[Record set]
------------

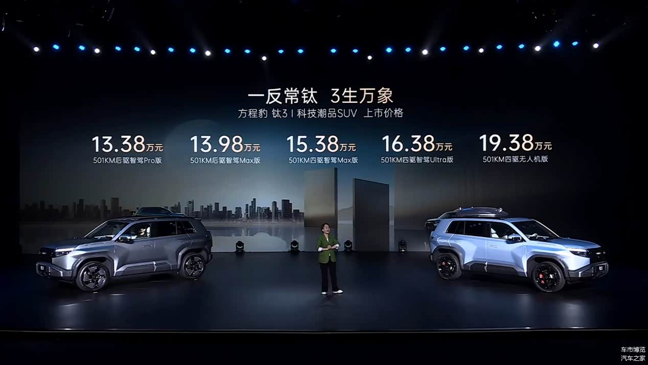 4月16日,中国新能源汽车领军企业比亚迪再次掀起行业波澜,旗下方程豹系列全新车型——“ 钛3(图片 | 参数 | 询价)”正式上市。共计5个版本,售价区间为13.38万元-19.38万元。
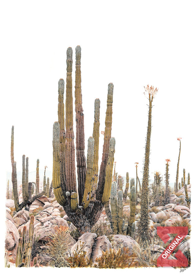 Corazón de Baja,"Valle de los Cirios, is a piece I cherished creating one morning while driving through Baja California Mexico, on our way from Bahia de Los Angeles. The thick fog enveloped the desert, creating a stunning scene of cacti peeking above distant rocks. As we navigated through valleys and hills, the fog lifted slightly, revealing some of the most beautiful cacti I've ever encountered. This area, known as the Valley of the Candles, is truly the heart of Baja.
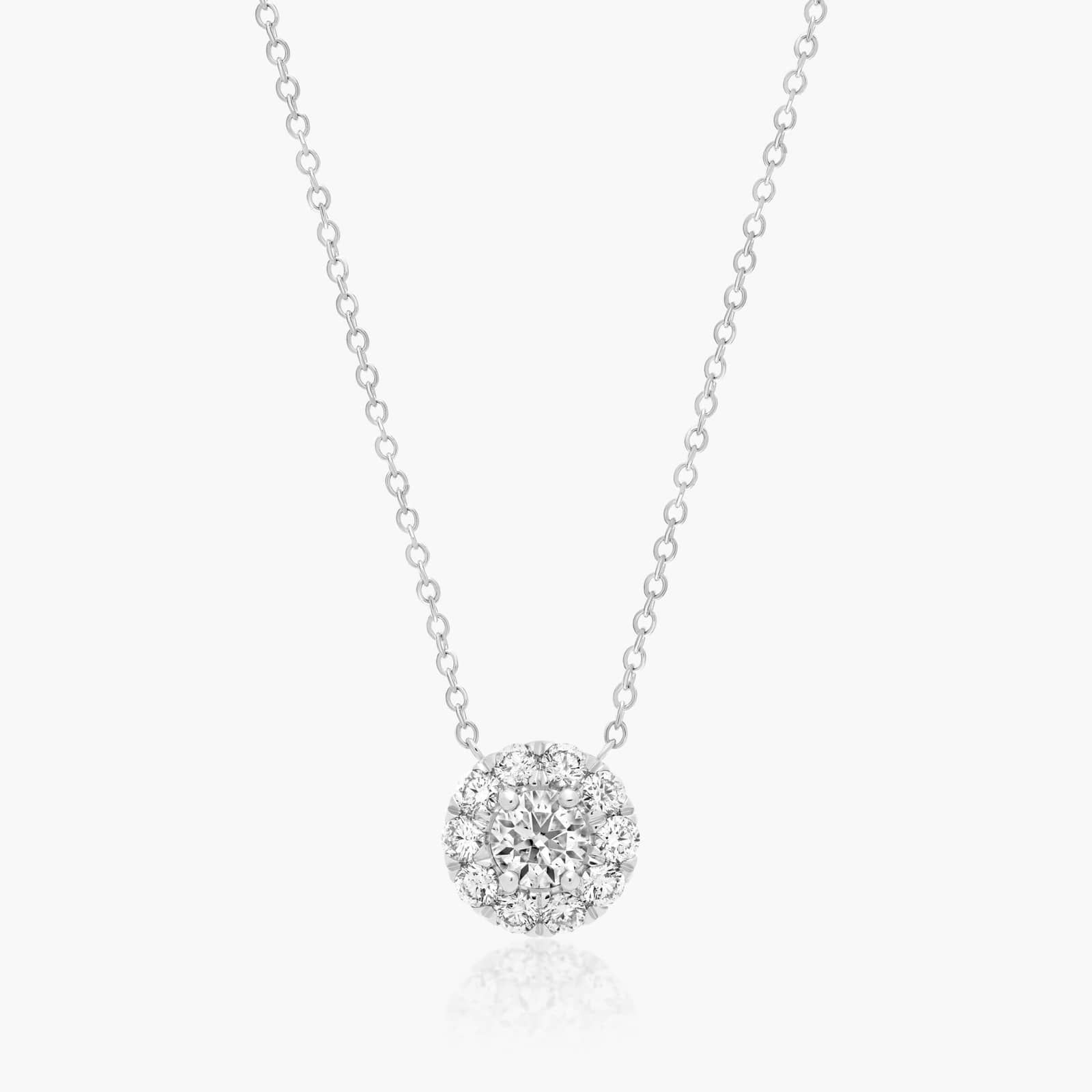 This beautifully crafted pendant showcases a halo of sparkling Lab-Grown round brilliant diamonds that elegantly frame the Lab-Grown center diamond. An adjustable 18" cable link chain securely suspends the pendant.
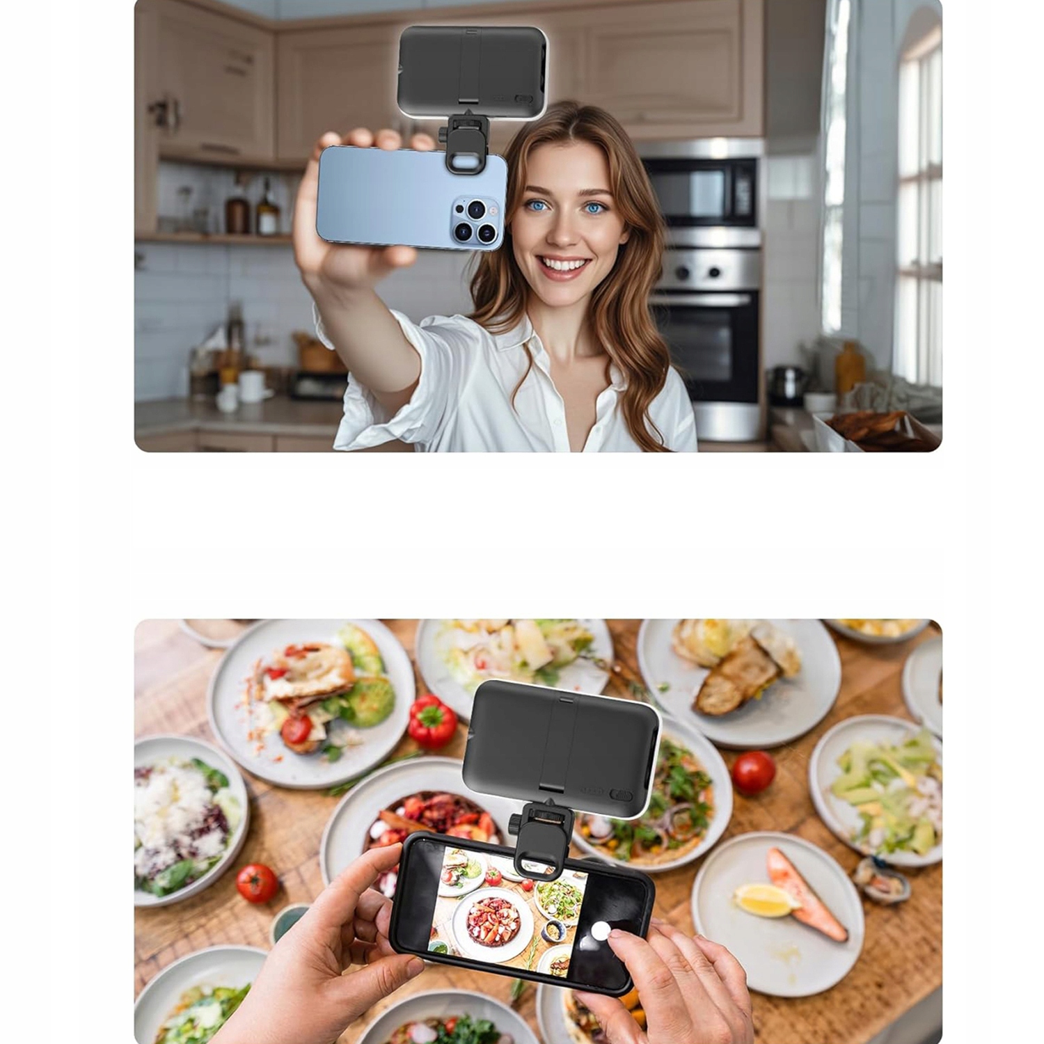 Селфи-лампа для смартфонов имеет две плавно регулируемые ручки, которые позволяют плавно регулировать цветовую температуру и яркость. Предпочитаете ли вы теплый свет в помещении или естественный свет на улице, просто установите желаемую яркость. Никаких сложных кнопок не требуется — просто поверните диск, чтобы получить идеальное освещение для каждой фотографии.
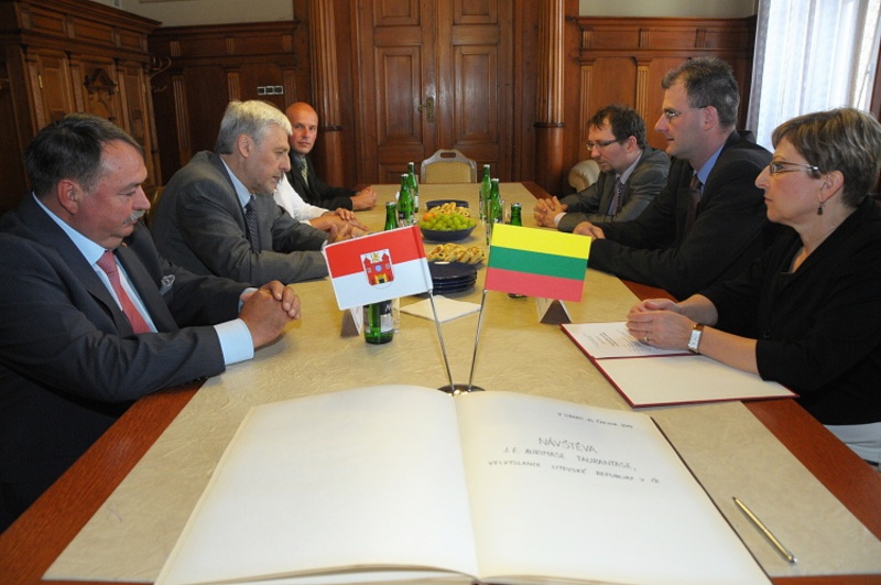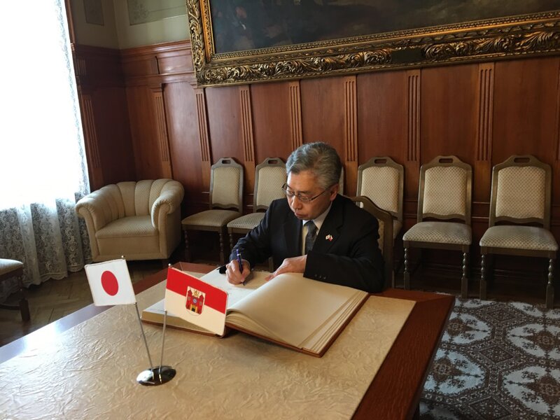 Stolní státní praporky Německa, Japonska a Litvy doprovází městský praporek Liberce
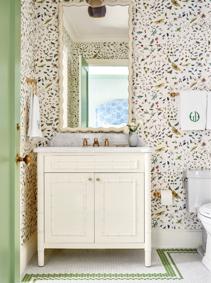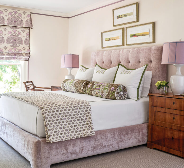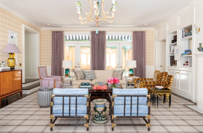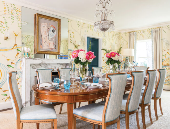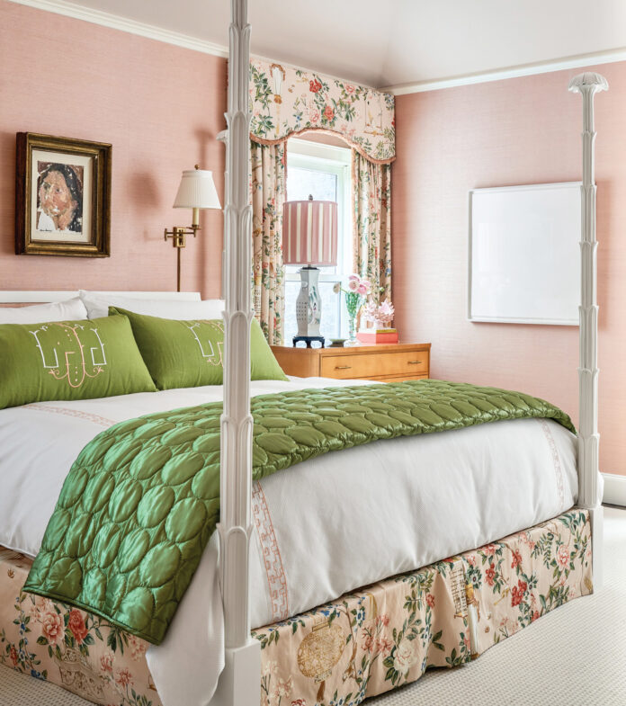 Two living rooms gave Jenkins the chance to create different moods in each space, with a formal room that could be at home in New York’s Upper East Side and the other imbued with a preppy, Palm Beach style. Throughout the house, shades of pink animate rooms of broad blue and green palettes. The primary bedroom is swathed in a rosy grasscloth with leaf-green accents and chintz window treatments. “We have to choose our words very carefully when presenting this color to husbands,” she says with a laugh. “We call it ‘salmon.’ My husband loves the color.”
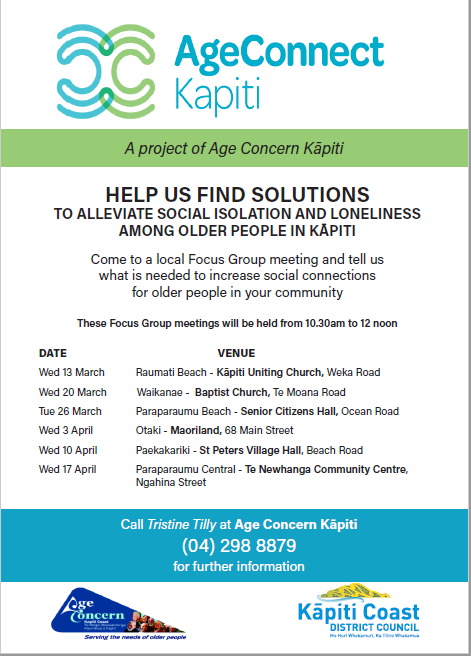 Come to one of these Focus Groups and have a say in what we can do to help the Social Isolated and Lonely on the Kapiti Coast.
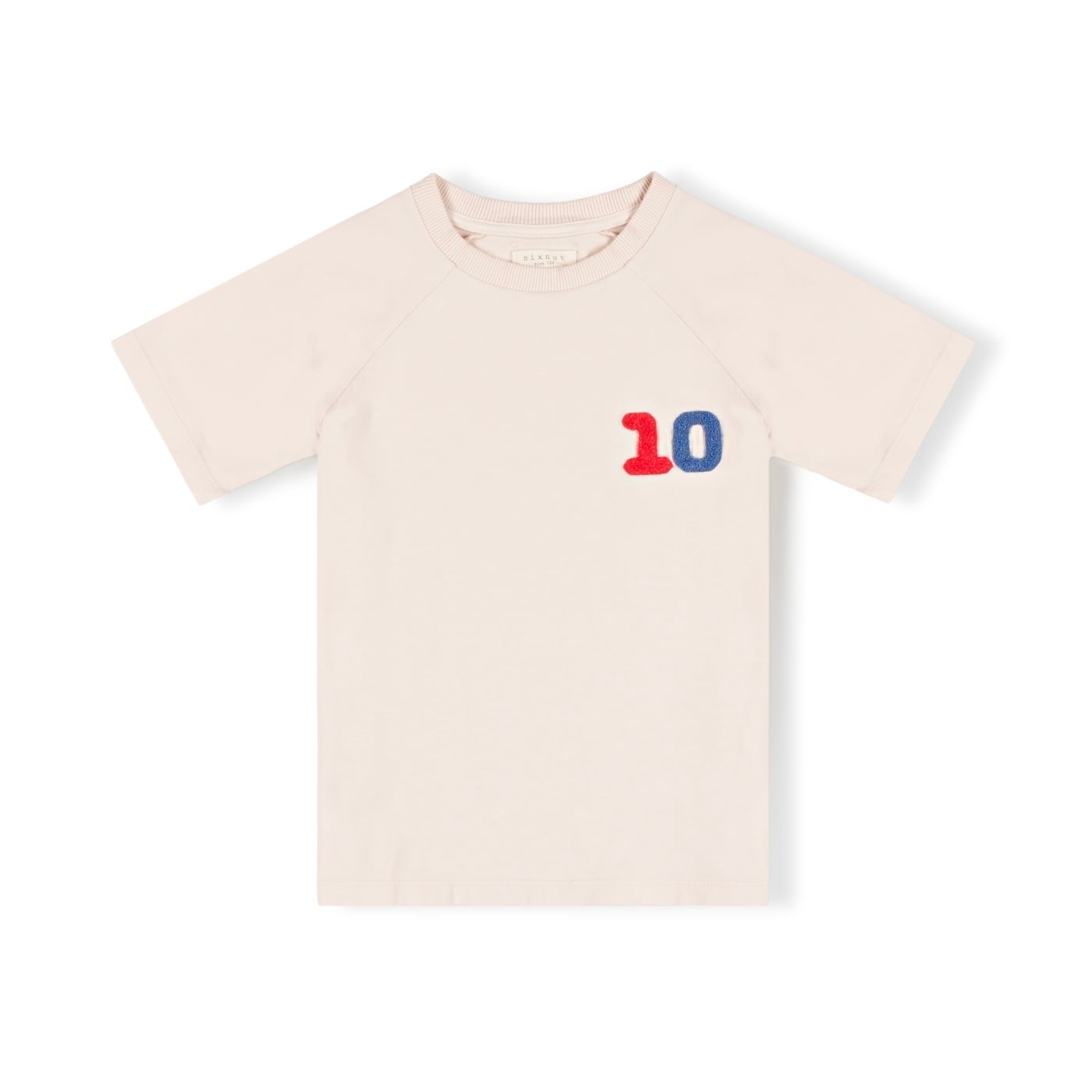 nixnut創業10年を記念した「10」がモチーフ。胸元の「10」ワッペンは、パイル生地のふわふわで、レッドとブルーの組み合わせがスポーティですよ。素材は肌触りが最高なオーガニックコットン100%、優しく温かみのあるスノーホワイト色の生地とさり気ないブランドタグが首の後ろのアクセントに。タイムレスなシルエットと丈夫さなので2シーズン着用していただきたいアイテムです。上質でこだわりの詰まったアイテムは、ギフトにもぴったりです。

------------

The records above, minus their pictures, are to be returned word for word.

 4月16日,中国新能源汽车领军企业比亚迪再次掀起行业波澜,旗下方程豹系列全新车型——“ 钛3(图片 | 参数 | 询价)”正式上市。共计5个版本,售价区间为13.38万元-19.38万元。
 Corazón de Baja,"Valle de los Cirios, is a piece I cherished creating one morning while driving through Baja California Mexico, on our way from Bahia de Los Angeles. The thick fog enveloped the desert, creating a stunning scene of cacti peeking above distant rocks. As we navigated through valleys and hills, the fog lifted slightly, revealing some of the most beautiful cacti I've ever encountered. This area, known as the Valley of the Candles, is truly the heart of Baja.
 This beautifully crafted pendant showcases a halo of sparkling Lab-Grown round brilliant diamonds that elegantly frame the Lab-Grown center diamond. An adjustable 18" cable link chain securely suspends the pendant.
 Селфи-лампа для смартфонов имеет две плавно регулируемые ручки, которые позволяют плавно регулировать цветовую температуру и яркость. Предпочитаете ли вы теплый свет в помещении или естественный свет на улице, просто установите желаемую яркость. Никаких сложных кнопок не требуется — просто поверните диск, чтобы получить идеальное освещение для каждой фотографии.
 Stolní státní praporky Německa, Japonska a Litvy doprovází městský praporek Liberce
 Two living rooms gave Jenkins the chance to create different moods in each space, with a formal room that could be at home in New York’s Upper East Side and the other imbued with a preppy, Palm Beach style. Throughout the house, shades of pink animate rooms of broad blue and green palettes. The primary bedroom is swathed in a rosy grasscloth with leaf-green accents and chintz window treatments. “We have to choose our words very carefully when presenting this color to husbands,” she says with a laugh. “We call it ‘salmon.’ My husband loves the color.”
 Come to one of these Focus Groups and have a say in what we can do to help the Social Isolated and Lonely on the Kapiti Coast.
 nixnut創業10年を記念した「10」がモチーフ。胸元の「10」ワッペンは、パイル生地のふわふわで、レッドとブルーの組み合わせがスポーティですよ。素材は肌触りが最高なオーガニックコットン100%、優しく温かみのあるスノーホワイト色の生地とさり気ないブランドタグが首の後ろのアクセントに。タイムレスなシルエットと丈夫さなので2シーズン着用していただきたいアイテムです。上質でこだわりの詰まったアイテムは、ギフトにもぴったりです。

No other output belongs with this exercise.